Accent sur les droits humains
Ainsi, elle a informé Javier Solana de la réforme du Conseil des droits de l’homme de l’ONU, qui tient très à cœur à la Confédération. «Nous nous battons contre la formation de blocs régionaux au sein de cette instance», a ensuite déclaré Mme Calmy-Rey.
Concrètement, cela signifie qu’au sein du Conseil des droits de l’homme, les Etats ne traitent pas la situation des droits de l’homme dans certains pays de manière objective, mais en fonction de leurs propres intérêts de politique extérieure.
«Dans le passé, il régnait une sorte de double standard dans cette institution», a indiqué la ministre, avant d’ajouter qu’il y avait «de petits progrès», mais pas assez.
L’impasse du Kosovo…
Autre thème majeur, le statut du Kosovo, un dossier sur lequel Javier Solana «admire» la position de la Suisse. Berne s’engage depuis un an et demi en faveur d’une indépendance formelle de cette province, toujours assujettie à la juridiction de la Serbie. Ce que cette dernière refuse toujours catégoriquement.
Les discussions entre les deux parties, dirigées par l’envoyé spécial de l’ONU Martti Ahtisaari, n’ont permis aucun rapprochement. Raison pour laquelle le Finlandais n’a toujours pas rendu son rapport définitif. Du reste la Serbie a demandé sa démission lundi.
De son côté, Javier Solana a plaidé à plusieurs reprise en faveur d’un report du rapport, dans l’éventualité de l’organisation d’élections en Serbie. Micheline Calmy-Rey est également de cet avis. Selon elle, ce ne serait «peut-être pas inintelligent d’attendre ces élections», a-t-elle indiqué.
…et du Proche-Orient
En ce qui concerne le conflit du Proche-Orient, la conseillère fédérale a déclaré lundi: «La Suisse est préoccupée par la situation humanitaire dans les territoires palestiniens». Elle considère comme un développement positif les signes de rapprochement entre le mouvement islamique radical du Hamas avec le Fatah plus modéré pour constituer un gouvernement d’unité nationale.
L’UE place depuis longtemps de grands espoirs dans un tel gouvernement, qui reconnaîtrait l’existence d’Israël.

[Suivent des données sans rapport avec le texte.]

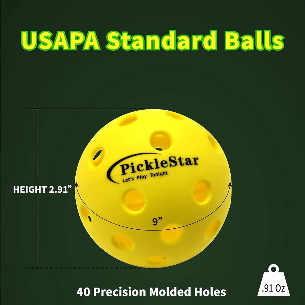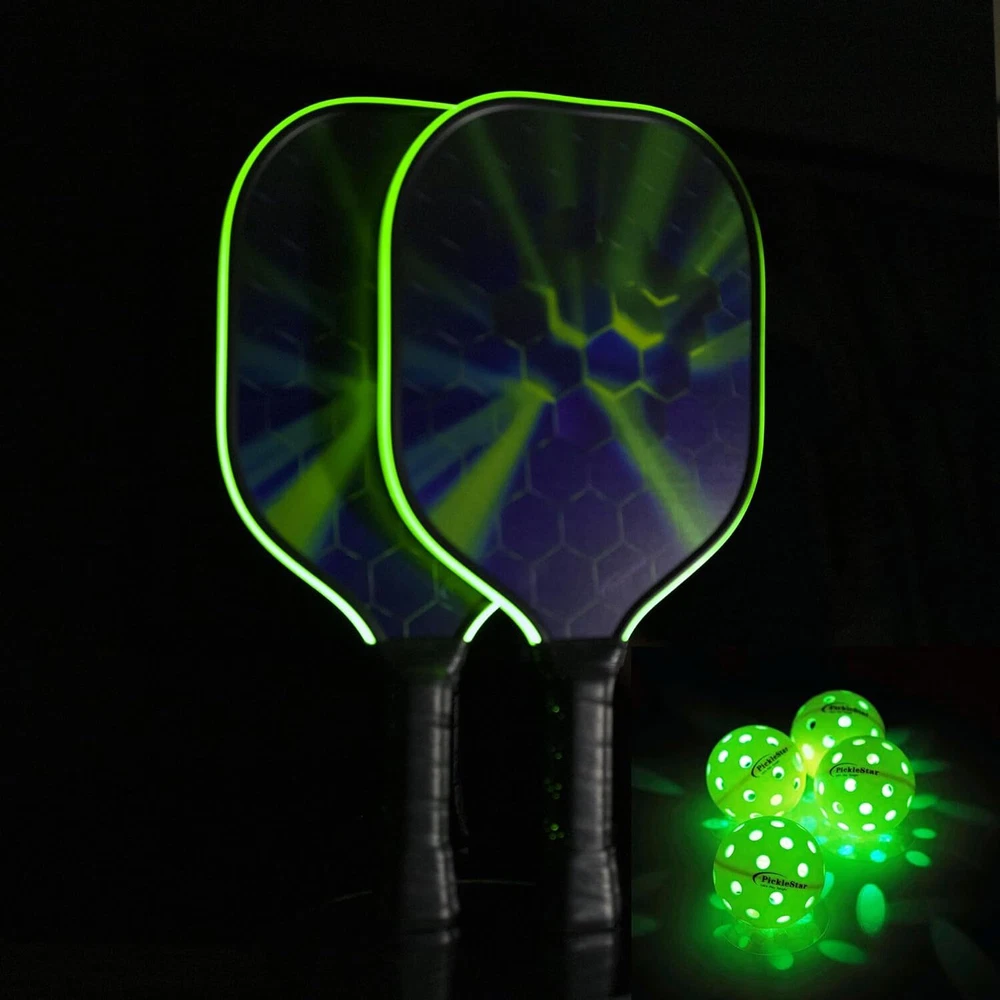 ✨ Brilliant LED Lights: Our pickleballs are equipped with high-quality, vibrant LED lights that ensure visibility in any playing condition. Multi-Color Options: Choose from a range of eye-catching colors to suit your style and mood. Make every game a celebration! Durable and Long-Lasting: Engineered for durability, these LED pickleballs are built to withstand the intensity of your matches. Play without worry, match after match. Battery-Powered: Easily replaceable batteries ensure you can keep the fun going for hours on end. No need to worry about running out of power during your game. Perfect for Any Court: Whether you're playing on indoor or outdoor courts, these LED light-up pickleballs are designed to perform on any surface. Great Gift Idea: Surprise your pickleball buddies with the gift of illuminated fun. These LED pickleballs make the perfect present for any pickleball enthusiast. Product Description Illuminate Your Game with LED Light-Up Pickleballs! Premium Video Carousel from PickleStar! Illuminate Your Game with LED Lit-Up Pickleballs! PickleStar-Inventor of the LED Lit-up pickleball balls and paddles! Are you ready to take your pickleball game to a whole new level? Introducing our LED Light-Up Pickleballs – the perfect fusion of fun and functionality! Whether you're playing indoors or outdoors, day or night, these vibrant LED balls will light up your game and add a splash of excitement to every rally.* 4 LED Light up pickle balls How Pickleball lovers make their Christmas Tree? Make a special Christmas Tree With PickleStar LED Pickleball balls & golf balls! * Some LED Light up pickle balls * Some LED Light up Golf Practice balls * Some Christmass Decorations * 1 Christmas Trees How the Pickleball Lovers make Christmas Wreath? Make a special Christmas Wreath With PickleStar LED Lit-up Pickleball balls! * 4 LED Light up Golf Practice balls * Some Christmass Decorations * 1 cypress circle PickleStar LED Light Up Pickleball Paddles Perfect mate for the PickleStar LED Light Up Pickleball Balls Ice Blue LED Light Up Pickleball Balls Ice Blue LED Light Up Pickleball Balls Pink Pickleball With Purple Light Special designed for women pickleball lovers Yellow Pickleball with Green Light 9 pack Eco pack LED light up pickleball, super Bright for your Nighttime pickleball games. Multi-Color Model LED Light Up Pickleball Paddles Multi-Color Model LED Light Up Pickleball Paddles, good mate for the LED Light up pickleball balls. Orange Pickleball with Orange Light Orange Pickleball with Orange Light LED Light up Golf Practice balls LED Light up Golf Practice balls with 4 color balls. Does each ball come with screw battery for the lights? Yes, it is. If not, that might be stolen by the previous buyer, please contact Amazon service for replace. Where do I get replacement batteries for the light up pickleball? You can buy the replacement batteries at Amazon! The ASIN is B0BFDW4ZJF Are these durable enough to be hit with a wiffle ball bat? Yes, they are durable enough for the wiffle ball bat. Do these balls can be used with poor indoor lighting? Yes, the LED light up brightly, it could be used any light conditions. Will the light screws would create an uneven bounce and fly? A little bit. But the light screws are weighted ever so slightly, it really doesn't noticeably affect the game. Products from PickleStar Add to Cart Add to Cart Add to Cart Add to Cart PickleStar1 Yellow Glow Add to Cart Add to Cart Customer Reviews 5.0 out of 5 stars 2 4.1 out of 5 stars 294 4.1 out of 5 stars 294 4.1 out of 5 stars 294 — 4.5 out of 5 stars 7 4.1 out of 5 stars 294 Price $33.99 $ 33 . 99 $26.98 $ 26 . 98 $28.98 $ 28 . 98 $30.99 $ 30 . 99 — $33.99 $ 33 . 99 $11.98 $ 11 . 98 Waterproof ✔ ✘ ✘ ✘ ✘ ✘ ✘ LED Connection Spaced Colomns Full Circle Full Circle Full Circle Full Circle Full Circle Full Circle Brightness Excellent Good Good Good Good Good Good Battery 8mAh 5 mAh 5 mAh 5 mAh 5 mAh 5 mAh 5 mAh Cold Resistant ✔ ✔ ✔ ✔ ✔ ✔ ✔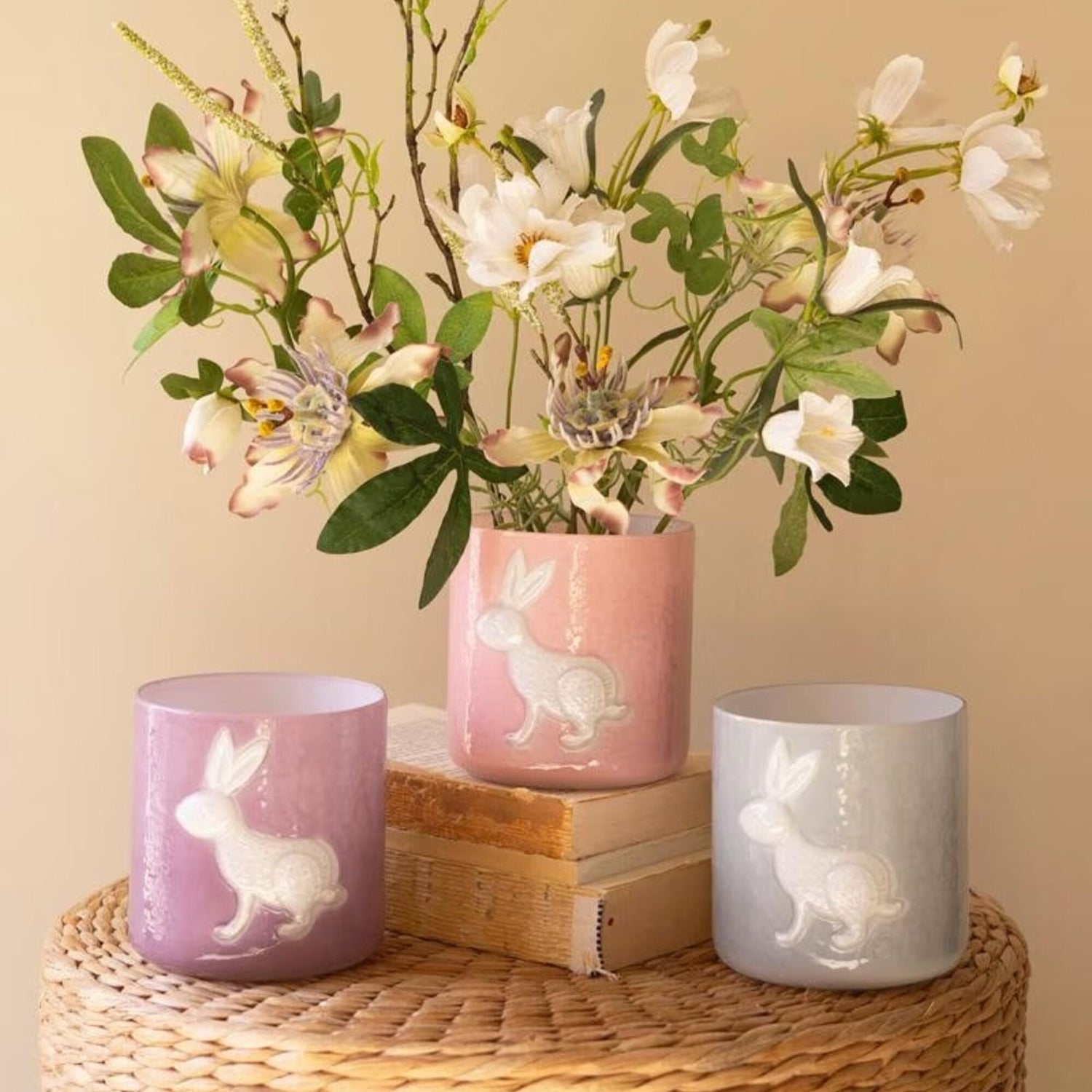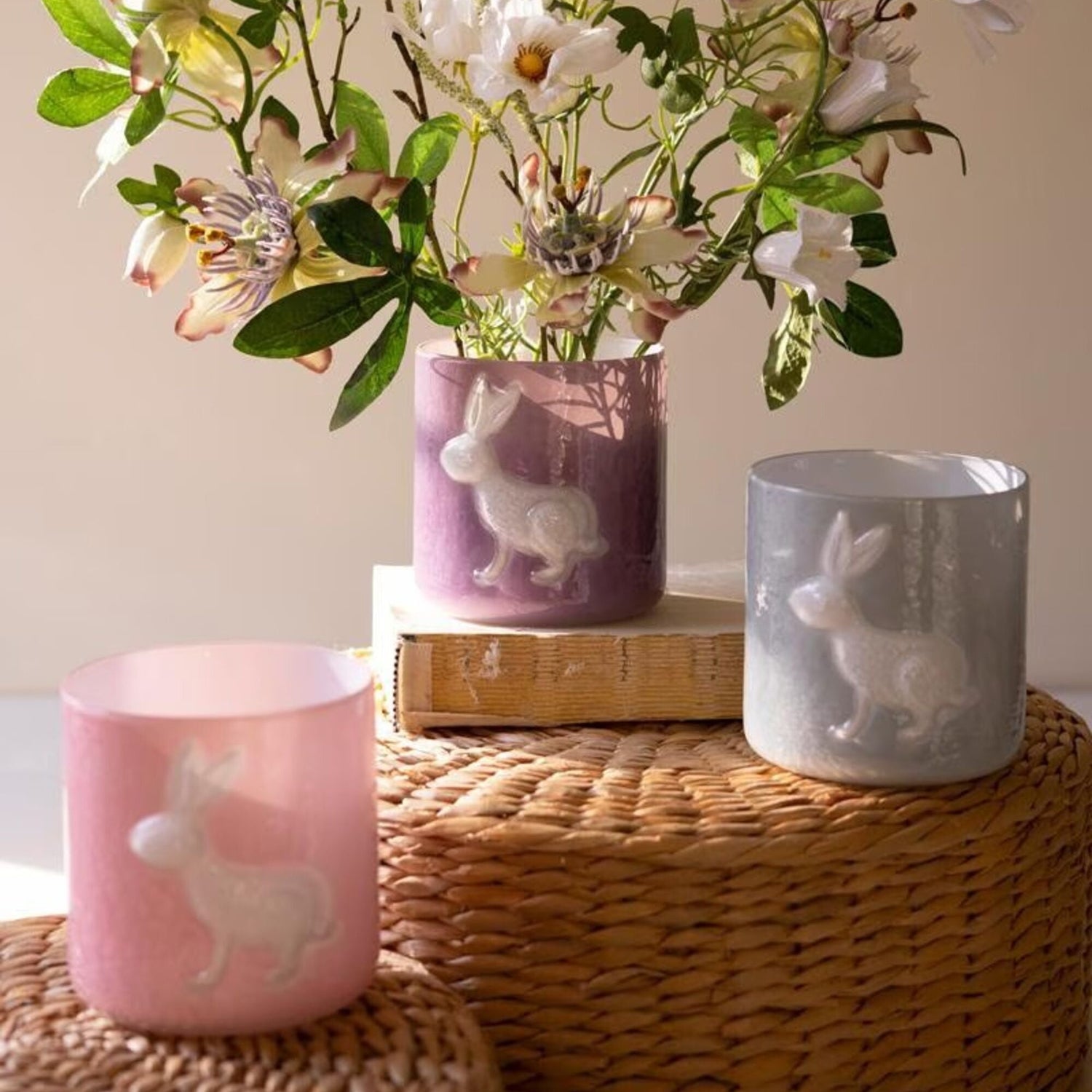 Sweet, whimsical touches for spring or year-round cheer. These colored glass bunny vases feature charming silhouettes and soft translucent tones that glow beautifully in sunlight. Perfect for single blooms, small stems, or displaying as playful decorative accents on shelves and windowsills.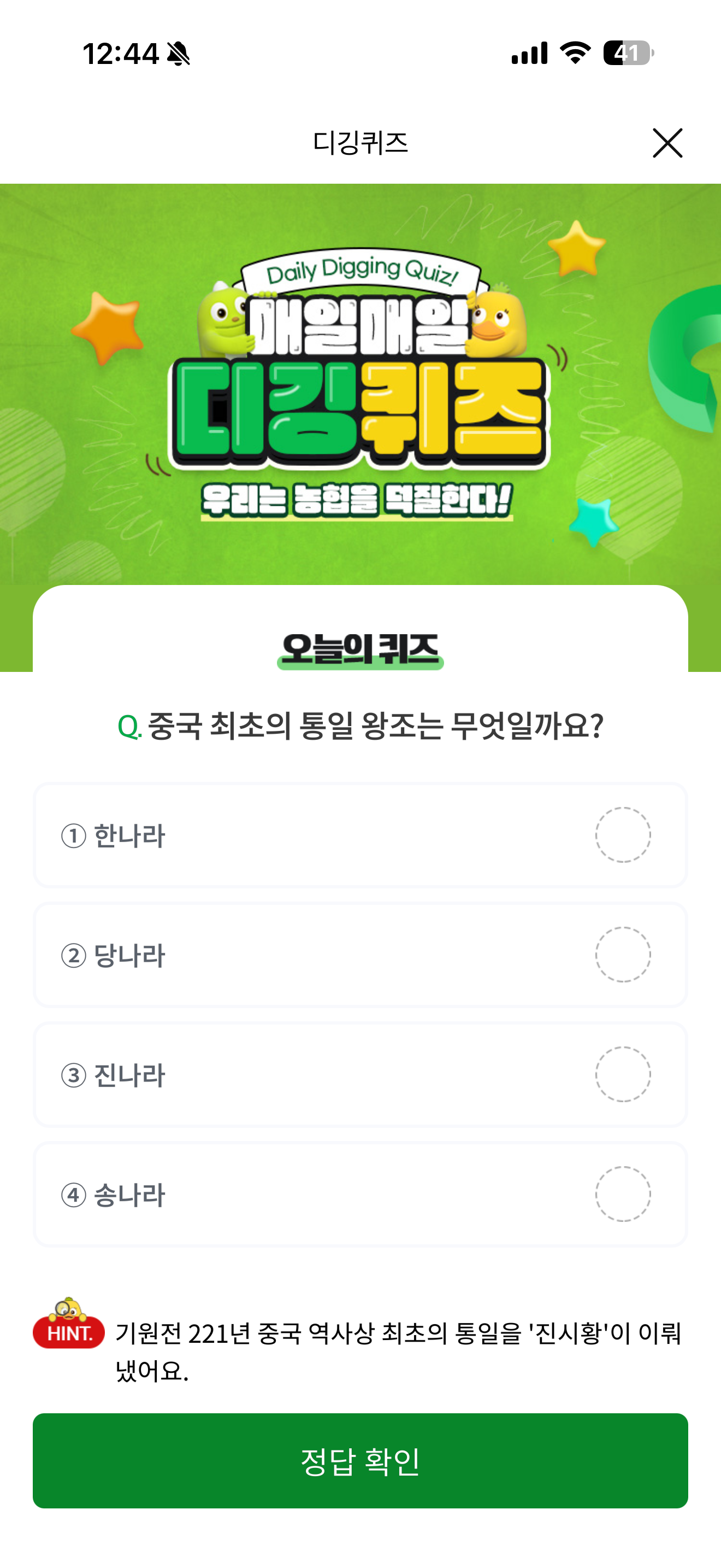 NH올원뱅크 디깅퀴즈 4월 7일 정답(중국 최초의 통일 왕조는 무엇일까요?)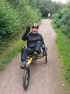 In early 2021, they heard about Warmley Wheelers. Steve’s balance and coordination have been badly affected by his stroke, but he was able to ride some of our specially adapted bicycles. Steve loved having the chance to do an activity he could take part in independently, and he and Sue now visit Warmley Wheelers every week.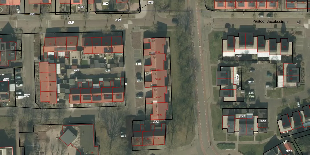 Het perceel waarop Pastoor Jacobsstraat 49 staat heeft een oppervlakte van 1310 m². Dit is een zeer groot perceel. De perceeloppervlakte wordt geregistreerd door het Kadaster. Gedetailleerde informatie over de maten van dit perceel kunt u vinden in het rapport Kadastrale kaart met maatvoering van Pastoor Jacobsstraat 49.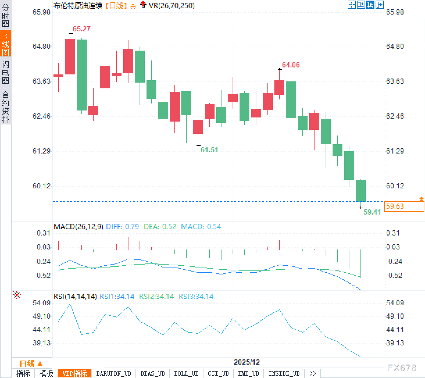 汇通财经APP讯——周二(12月16日),布伦特原油延续近两周的单边下行,盘中跌破60美元关口并刷新阶段低点59.41美元,美市盘前报价59.63美元。价格跌至七个多月低位附近,同时美国原油期货也回落到2021年2月以来的弱势区间,显示此次抛压并非局部情绪,而是整个原油复合体在同步下修定价。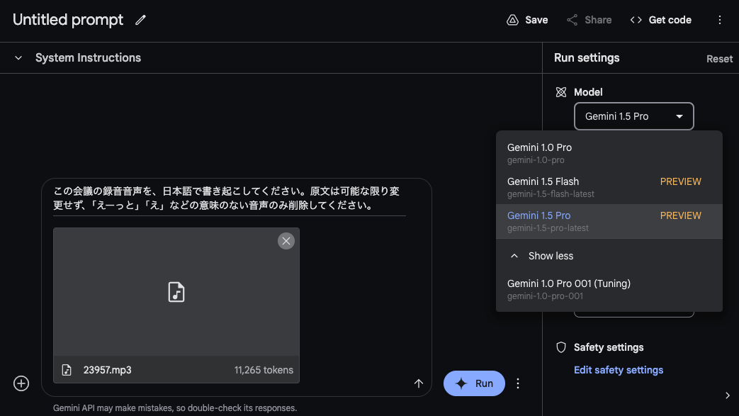 Google AI StudioでGemini 1.5 Proに文字起こしをさせたら、そのまま議事録として要約するようプロンプトで指示すれば、議事録の作成まで完結させることができてしまう。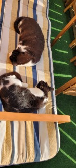 Op de foto zie je Pandy en Tommy na de lunch. Een middagdutje is een must :-)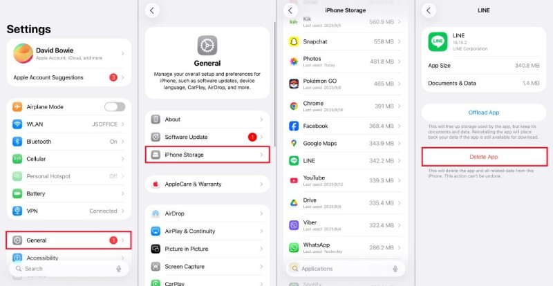 第 1 步:接下來,前往 iPhone 上的“設置”。然後,選擇“常規”。點擊“iPhone存儲”。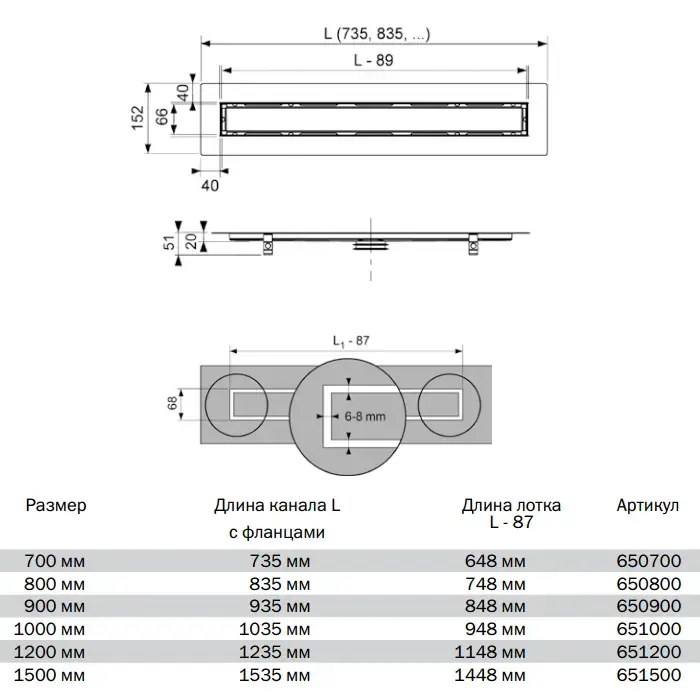 TECE drainline, Комплект для установки дренажного канала 700 мм из нержавеющей стали, с лотком под плитку

Trouver une solution avec l’Iran
Autre point chaud de l’actualité, le programme nucléaire très controversé de l’Iran. «Il faut tout entreprendre pour trouver une solution négociée», a estimé Mme Calmy-Rey.
Javier Solana, de son côté, a longuement négocié avec Téhéran, mais sans succès jusqu’ici.
Mais les relations bilatérales ont aussi été évoquées lundi à Bruxelles. «Il est important que l’UE s’intéresse à certains domaines de la politique extérieure suisse», a encore indiqué Micheline Calmy-Rey. L’UE travaille souvent très bien avec la Suisse, a souligné Javier Solana. «Dans différents dossiers, elle joue un rôle très particulier, un rôle peut-être méconnu, mais très constructif et positif».
Quoi qu’il en soit, le Haut représentant de l’UE veut poursuivre le dialogue lors de sa prochaine visite en Suisse, peut-être cette année encore.
swissinfo, Simon Thönen
(Traduction de l’allemand: Isabelle Eichenberger)
Le 9 mai 2006, la Suisse a été élue pour trois ans au Conseil des droits de l’homme de l’ONU.
Elle fait partie des 47 pays représentés dans ce nouvel organe qui a remplacé la Commission des droits de l’homme discréditée.
Fruit d’une initiative Suisse, le conseil se réunit trois fois par an et peut convoquer des réunions d’urgence.
Il y a 370’000 immigrés d’ex-Yougoslavie en Suisse, dont 36% sont Kosovars.
En 2006, l’aide au Kosovo de la Direction du développement et de la coopération (DDC) et du Secrétariat d’Etat à l’économie (seco) devrait atteindre 6,2 millions de francs et le total de l’aide suisse 48,6 millions.
L’armée suisse prend part à la mission de maintien de la paix de l’Otan depuis la fin de la guerre. Elle y restera jusqu’en 2008 mais le parlement doit se prononcer sur une prolongation.